:: Exercise aim ::
Transcribe the records that follow. Keep every word exactly, and drop the pictures.

:: Records for processing ::
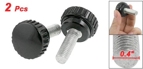Product Name Knurled Knob Type Screw On Head Diameter 30.6mm / 1.2" Thread Length 30mm / 1.18" Thread Diameter 10mm / 0.4" Total Height 47.5mm / 1.87" Material Metal & Plastic Color Silver Tone & Black Weight 67g Package Content 2 x Knurled Knobs - Reviews
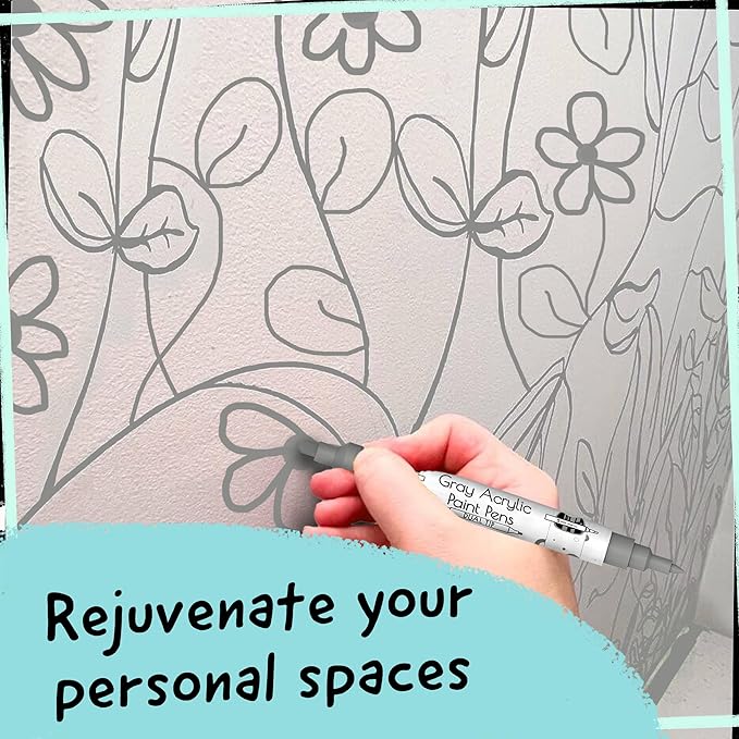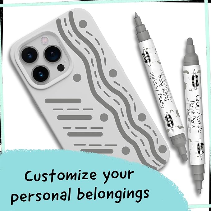 - Gray Paint Pens Metallic - Highly pigmented, Quick to dry & used as paint markers for canvas, paint markers for wood, or as glass paint markers, rock painting pens, on wine glasses & ceramic paint pen (dishwasher safe ink)
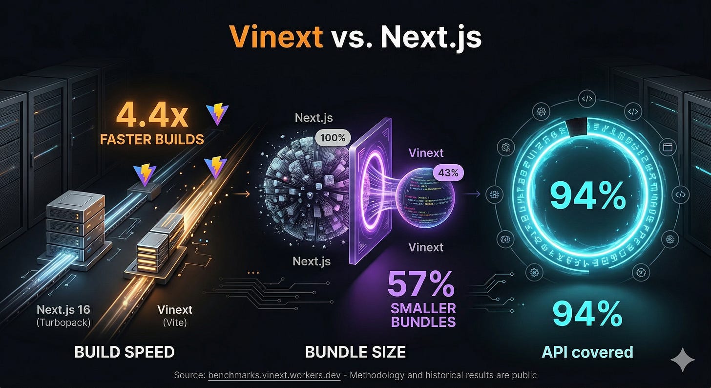 They called it vinext and claim the builds are 4x faster, the bundles are 57% smaller, and it covers 94% of the Next.js API.
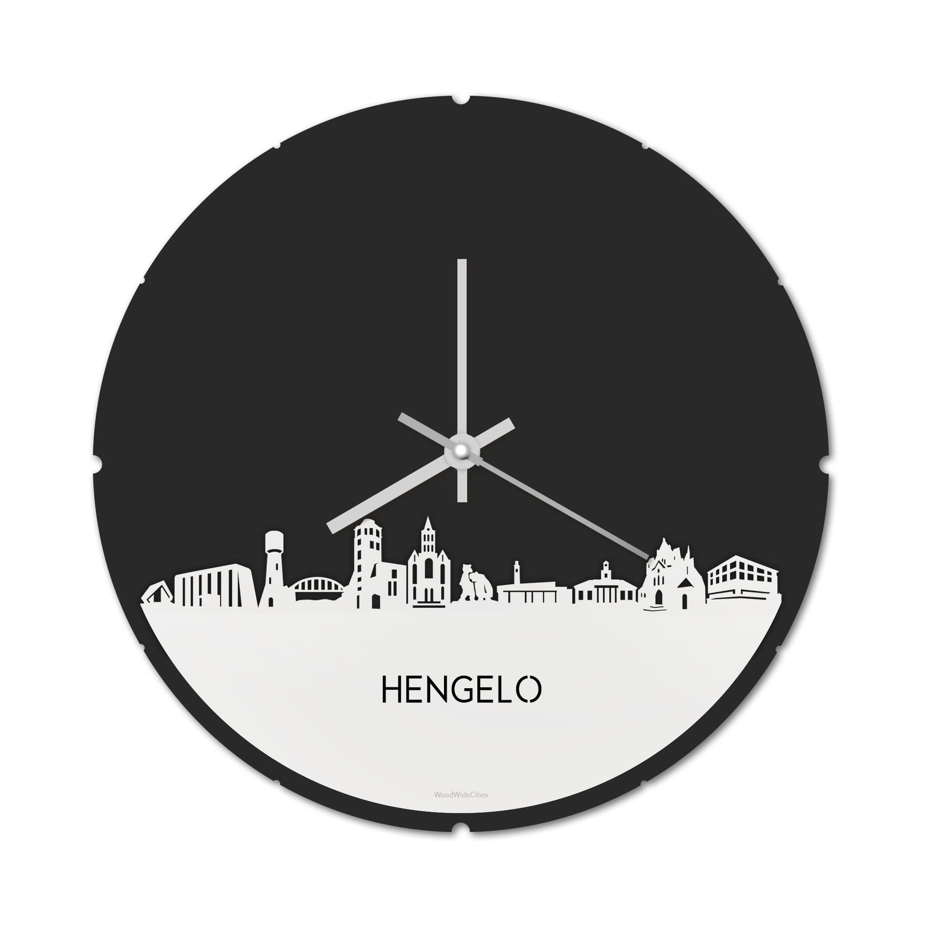 Skyline Klok Rond Hengelo Wit Glanzend houten cadeau decoratie relatiegeschenk van WoodWideCities
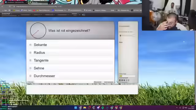 02:59:52Der Streamer beginnt mit mathematischen Aufgaben, die offensichtlich schwierig für ihn sind. Er diskutiert Begriffe wie Sekante, Radius, Tangente und Durchmesser, verwechselt diese jedoch und zeigt Unsicherheit. Er beklagt, dass er sich zu dumm für die Aufgaben fühlt und bittet um Verständnis für seine mangelnden Fähigkeiten in Mathematik.
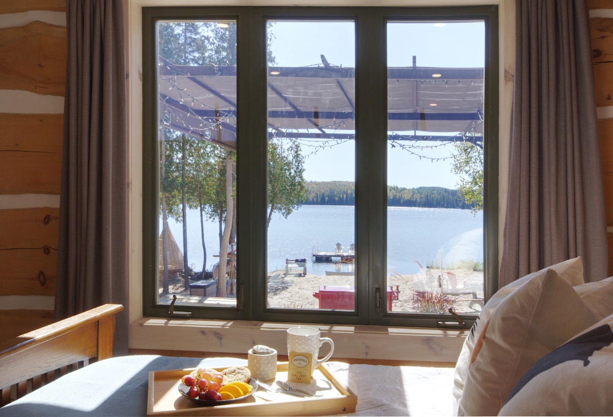 Ġib il-familja kollha f 'dil-cottage privata panoramika faċċata tal-bajja (2022) li għadha kif inbniet. Veduta eċċellenti ta' 180° SW sunset lake, terrazzin spazjuż, Iktar minn 200' ta' bajja bir-ramel privata, baċir, firepit. Gawdi żewġ żoni ta' divertiment w/ TV u Air Hockey. kċina moderna u personalizzata kbira tal-kwarz + it-tieni friġġ. Veduti tax-xemx minn bdrm w/ ensuite ewlieni, armarju biex tidħol fil-post u bieb għal fuq il-gverta. Internet veloċi Starlink, uffiċċju, 9 sodod (sodod solidi magħmula bl-idejn). 2 Kayaks, 1 Canoe u ġkieket tas-salvataġġ. Affarijiet bażiċi u bjankerija tas-sodda u Ġbir tal-Iskart inklużi.
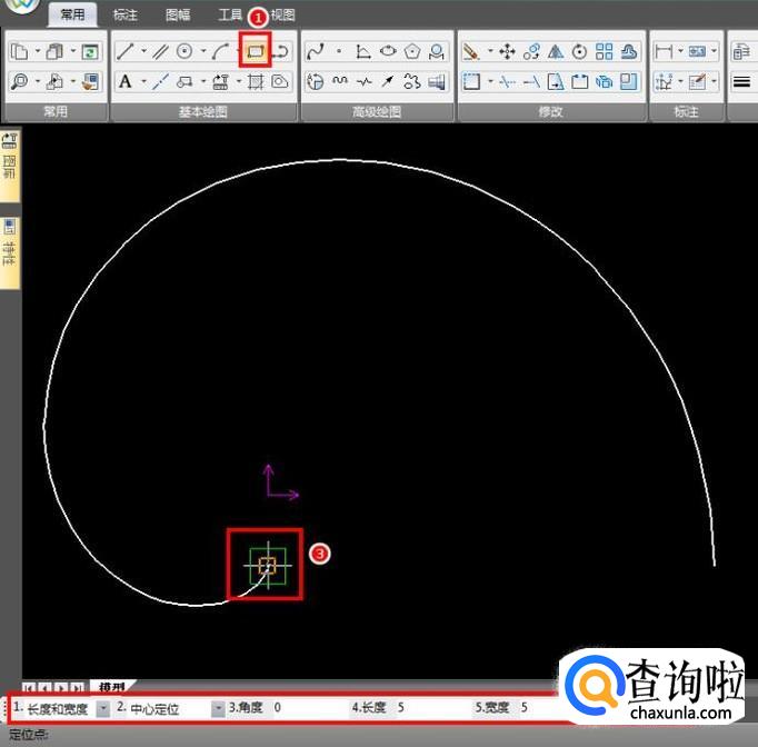 接着绘制要阵列的图集,这里使用矩形命令绘制一个小的正方形作为演示,以曲线端点为中心绘制正方形;

:: Response to this exercise ::
Product Name Knurled Knob Type Screw On Head Diameter 30.6mm / 1.2" Thread Length 30mm / 1.18" Thread Diameter 10mm / 0.4" Total Height 47.5mm / 1.87" Material Metal & Plastic Color Silver Tone & Black Weight 67g Package Content 2 x Knurled Knobs - Reviews
 - Gray Paint Pens Metallic - Highly pigmented, Quick to dry & used as paint markers for canvas, paint markers for wood, or as glass paint markers, rock painting pens, on wine glasses & ceramic paint pen (dishwasher safe ink)
 They called it vinext and claim the builds are 4x faster, the bundles are 57% smaller, and it covers 94% of the Next.js API.
 Skyline Klok Rond Hengelo Wit Glanzend houten cadeau decoratie relatiegeschenk van WoodWideCities
 02:59:52Der Streamer beginnt mit mathematischen Aufgaben, die offensichtlich schwierig für ihn sind. Er diskutiert Begriffe wie Sekante, Radius, Tangente und Durchmesser, verwechselt diese jedoch und zeigt Unsicherheit. Er beklagt, dass er sich zu dumm für die Aufgaben fühlt und bittet um Verständnis für seine mangelnden Fähigkeiten in Mathematik.
 Ġib il-familja kollha f 'dil-cottage privata panoramika faċċata tal-bajja (2022) li għadha kif inbniet. Veduta eċċellenti ta' 180° SW sunset lake, terrazzin spazjuż, Iktar minn 200' ta' bajja bir-ramel privata, baċir, firepit. Gawdi żewġ żoni ta' divertiment w/ TV u Air Hockey. kċina moderna u personalizzata kbira tal-kwarz + it-tieni friġġ. Veduti tax-xemx minn bdrm w/ ensuite ewlieni, armarju biex tidħol fil-post u bieb għal fuq il-gverta. Internet veloċi Starlink, uffiċċju, 9 sodod (sodod solidi magħmula bl-idejn). 2 Kayaks, 1 Canoe u ġkieket tas-salvataġġ. Affarijiet bażiċi u bjankerija tas-sodda u Ġbir tal-Iskart inklużi.
 接着绘制要阵列的图集,这里使用矩形命令绘制一个小的正方形作为演示,以曲线端点为中心绘制正方形;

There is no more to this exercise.